Looking back it all seems very grey, but at the time expectations were just different. We were working class but homeowners, we had a car, eventually we had a colour TV, one phone in the hall, We didnt have a washing machine until I was in my teens, everyone I knew went to the lauderette. My grandparents did not have an indoor toilet or any sort of bathroom until I was 18, ie 1983. Central heating was a luxury. A take away meant chips, KFC was a huge treat, McDonalds hadnt arrived. We never ate out, going out for coffee in a dept store was a rare event. We did have a summer holiday, to North Wales. Food was pretty much meat and two veg, spaghetti came out of a tin and was either hoops or Alphabetti, rice was a bit exotic. Three TV channels, channel 4 was terribly exciting.
I remember power cuts, three day weeks, strikes, the drought of 1976, and going to the stand pipe for water.

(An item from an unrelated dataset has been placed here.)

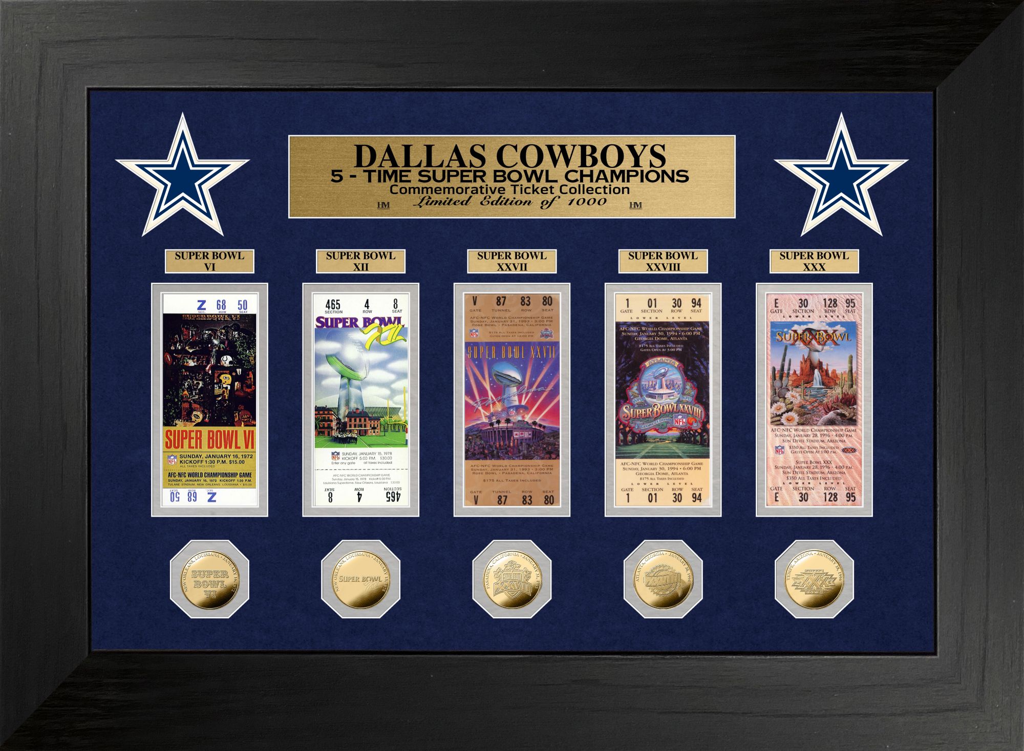 Celebrate the Cowboys’ Super Bowl® championship seasons with The Highland Mint® Dallas Cowboys Super Bowl® Ticket and Coin Collection. Framed in a 22” x 18” black wooden frame, this keepsake features the Super Bowl® tickets and the 24kt gold flashed game coin. Die-cut team logos and an engraved nameplate at the top put your loyalty for the team on display. A glass frame and double matting keeps this collectible looking sharp.

Its world away from the life my son enjoys. In contrast it looks very poor, but growing up I didnt feel poor, we were fed, housed, clothed, had what we needed. I did babysitting from age 14 so had money for clothes, make up, records.

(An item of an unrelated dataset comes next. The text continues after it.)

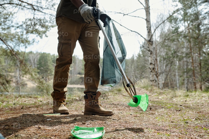 Молодой взрослый чернокожий мужчина собирает мусор на открытом воздухе, используя инструмент для сбора мусора

The 1980s were very tough though, high unemployment, neither myself nor my brothers had any prospect of work when we left school and there is 10 years between us. They went on to job creation schemes and found work eventually. I had ALevels so moved away to university and never went back. I did go to Coventry which was as grim as Ghost Town describes.
There was real poverty then, my dad made deliveries to tenement flats known as the Piggeries, for very good reason. There is real poverty now.
But overall expectations were just different. There were rich people but not what might be seen as excessive consumption, and no shiny celebrity culture to compare our grey ordinary lives to.